Newbie question about text encoding
Rustom Mody
rustompmody at gmail.com
Tue Mar 3 23:16:02 EST 2015
On Wednesday, March 4, 2015 at 9:35:28 AM UTC+5:30, Rustom Mody wrote:
> On Wednesday, March 4, 2015 at 8:24:40 AM UTC+5:30, Steven D'Aprano wrote:
> > Rustom Mody wrote:
> >
> > > On Thursday, February 26, 2015 at 10:33:44 PM UTC+5:30, Terry Reedy wrote:
> > >> On 2/26/2015 8:24 AM, Chris Angelico wrote:
> > >> > On Thu, Feb 26, 2015 at 11:40 PM, Rustom Mody wrote:
> > >> >> Wrote something up on why we should stop using ASCII:
> > >> >> http://blog.languager.org/2015/02/universal-unicode.html
> > >>
> > >> I think that the main point of the post, that many Unicode chars are
> > >> truly planetary rather than just national/regional, is excellent.
> > >
> > > <snipped>
> > >
> > >> You should add emoticons, but not call them or the above 'gibberish'.
> > >> I think that this part of your post is more 'unprofessional' than the
> > >> character blocks.
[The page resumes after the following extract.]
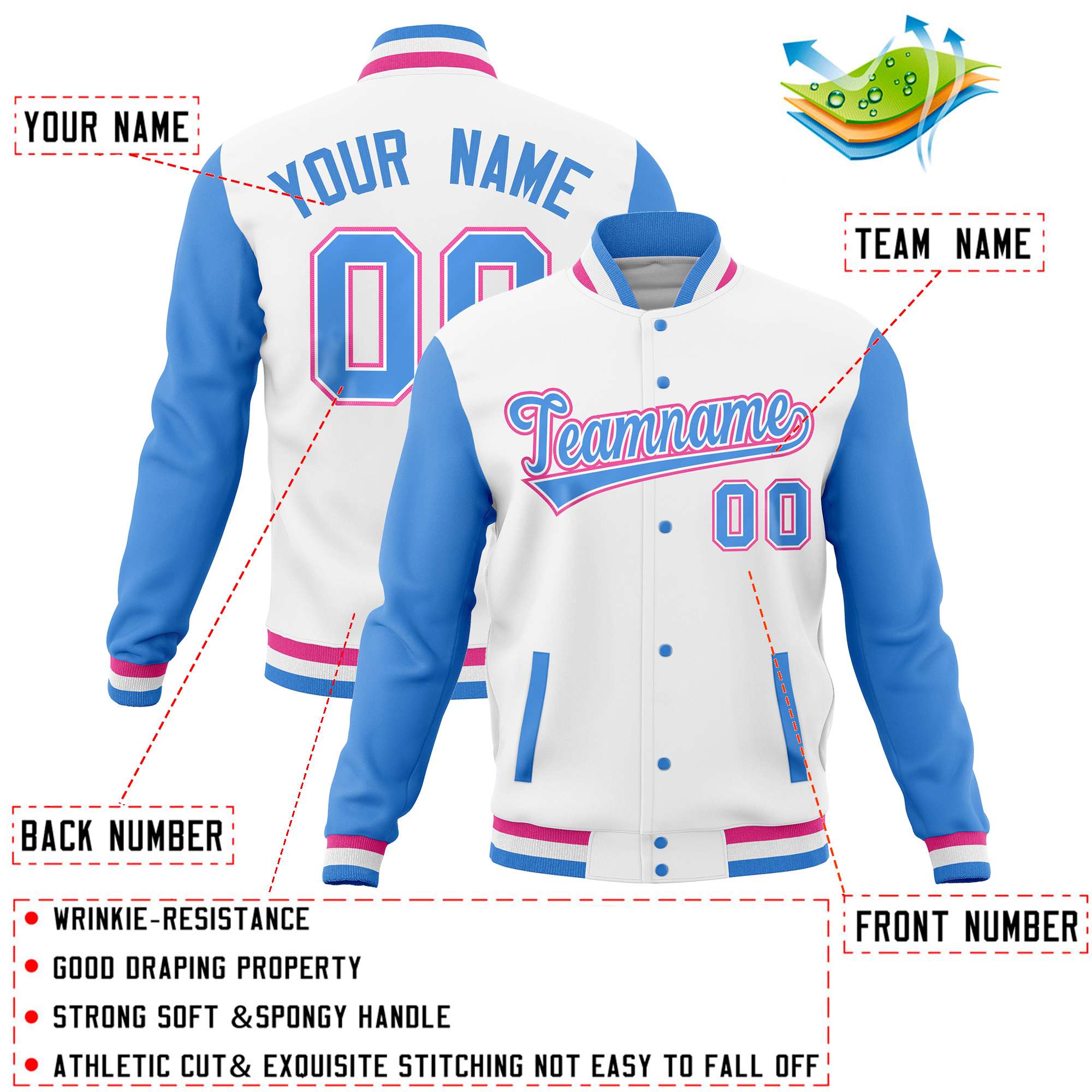 Custom White Powder Blue Varsity Full-Snap Raglan Sleeves Letterman Baseball Jacket

It is very jarring and seems contrary to your main
> > >> point.
> > >
> > > Ok Done
> > >
> > > References to gibberish removed from
> > > http://blog.languager.org/2015/02/universal-unicode.html
> >
> > I consider it unethical to make semantic changes to a published work in
> > place without acknowledgement. Fixing minor typos or spelling errors, or
> > dead links, is okay. But any edit that changes the meaning should be
> > commented on, either by an explicit note on the page itself, or by striking
> > out the previous content and inserting the new.
>
> Dunno What you are grumping about…
>
> Anyway the attribution is made more explicit – footnote 5 in
> http://blog.languager.org/2015/03/whimsical-unicode.html.
>
> Note Terry Reedy's post who mainly objected was already acked earlier.
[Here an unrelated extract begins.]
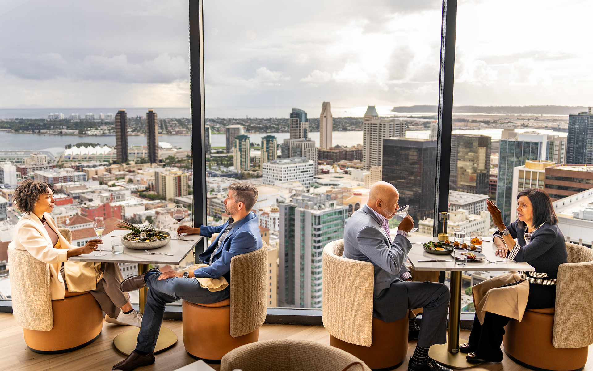 Reimagined with a fresh, modern coastal vibe, the Club offers an unmatched backdrop for every occasion. Perched on the 34th floor of Symphony Towers, our Club delivers 180° views of downtown and the Pacific, setting the stage for extraordinary experiences.

> Ive just added one more ack¹
> And JFTR the 'publication' (O how archaic!) is the whole blog not a single page just as it is for any other dead-tree publication.
>
> >
> > As for the content of the essay, it is currently rather unfocused.
>
> True.
>
> It
> > appears to be more of a list of "here are some Unicode characters I think
> > are interesting, divided into subgroups, oh and here are some I personally
> > don't have any use for, which makes them silly" than any sort of discussion
> > about the universality of Unicode. That makes it rather idiosyncratic and
> > parochial. Why should obscure maths symbols be given more importance than
> > obscure historical languages?
>
> Idiosyncratic ≠ parochial
>
>
> >
> > I think that the universality of Unicode could be explained in a single
> > sentence:
> >
> > "It is the aim of Unicode to be the one character set anyone needs to
> > represent every character, ideogram or symbol (but not necessarily distinct
> > glyph) from any existing or historical human language."
> >
> > I can expand on that, but in a nutshell that is it.
> >
> >
> > You state:
> >
> > "APL and Z Notation are two notable languages APL is a programming language
> > and Z a specification language that did not tie themselves down to a
> > restricted charset ..."
>
> Tsk Tsk – dihonest snipping. I wrote
>
> | APL and Z Notation are two notable languages APL is a programming language
> | and Z a specification language that did not tie themselves down to a
> | restricted charset even in the day that ASCII ruled.
>
> so its clear that the restricted applies to ASCII
> >
> > You list ideographs such as Cuneiform under "Icons". They are not icons.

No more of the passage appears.